By analyzing existing cross correlation between SL Green Realty and Melcor Developments, you can compare the effects of market volatilities on SL Green and Melcor Developments and check how they will diversify away market risk if combined in the same portfolio for a given time horizon. You can also utilize pair trading strategies of matching a long position in SL Green with a short position of Melcor Developments. Check out your portfolio center. Please also check ongoing floating volatility patterns of SL Green and Melcor Developments.

Diversification Opportunities for SL Green and Melcor Developments

0.07
  Correlation Coefficient

Significant diversification

The 3 months correlation between SLG and Melcor is 0.07. Overlapping area represents the amount of risk that can be diversified away by holding SL Green Realty and Melcor Developments in the same portfolio, assuming nothing else is changed. The correlation between historical prices or returns on Melcor Developments and SL Green is a relative statistical measure of the degree to which these equity instruments tend to move together. The correlation coefficient measures the extent to which returns on SL Green Realty are associated (or correlated) with Melcor Developments. Values of the correlation coefficient range from -1 to +1, where. The correlation of zero (0) is possible when the price movement of Melcor Developments has no effect on the direction of SL Green i.e., SL Green and Melcor Developments go up and down completely randomly.

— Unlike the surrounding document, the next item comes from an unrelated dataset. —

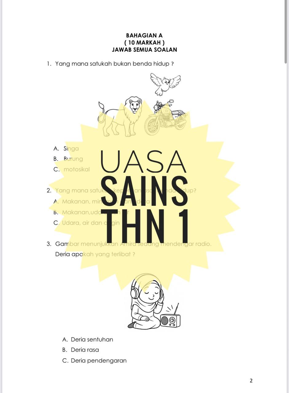 UASA SAINS TAHUN 1 ( 1 set soalan)
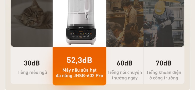 Máy nấu sữa hạt đa năng Joyoung JHSB-602 Pro được trang bị công nghệ giảm ồn đa tầng tiên tiến, giúp triệt tiêu hiệu quả tiếng ồn ngay từ nguồn phát. Hệ thống cách âm nhiều lớp giúp máy vận hành êm ái trong khoảng 43–58dB. Bạn có thể yên tâm sử dụng máy vào sáng sớm hay buổi tối mà vẫn giữ không gian yên tĩnh, dễ chịu.

Pair Corralation between SL Green and Melcor Developments

Considering the 90-day investment horizon SL Green Realty is expected to generate 2.36 times more return on investment than Melcor Developments. However, SL Green is 2.36 times more volatile than Melcor Developments. It trades about 0.12 of its potential returns per unit of risk. Melcor Developments is currently generating about 0.1 per unit of risk. If you would invest  4,031  in SL Green Realty on September 3, 2024 and sell it today you would earn a total of  3,543  from holding SL Green Realty or generate 87.89% return on investment over 90 days.
Time Period3 Months [change]
DirectionMoves Together 
StrengthInsignificant
Accuracy67.21%
ValuesDaily Returns

SL Green Realty  vs.  Melcor Developments

 Performance 
       Timeline  
SL Green Realty 

Risk-Adjusted Performance

14 of 100

 
Weak
 
Strong
Good
Compared to the overall equity markets, risk-adjusted returns on investments in SL Green Realty are ranked lower than 14 (%) of all global equities and portfolios over the last 90 days. Despite nearly weak essential indicators, SL Green reported solid returns over the last few months and may actually be approaching a breakup point.
Melcor Developments 

Risk-Adjusted Performance

5 of 100

 
Weak
 
Strong
Modest
Compared to the overall equity markets, risk-adjusted returns on investments in Melcor Developments are ranked lower than 5 (%) of all global equities and portfolios over the last 90 days. Despite nearly stable basic indicators, Melcor Developments is not utilizing all of its potentials. The recent stock price disturbance, may contribute to mid-run losses for the stockholders.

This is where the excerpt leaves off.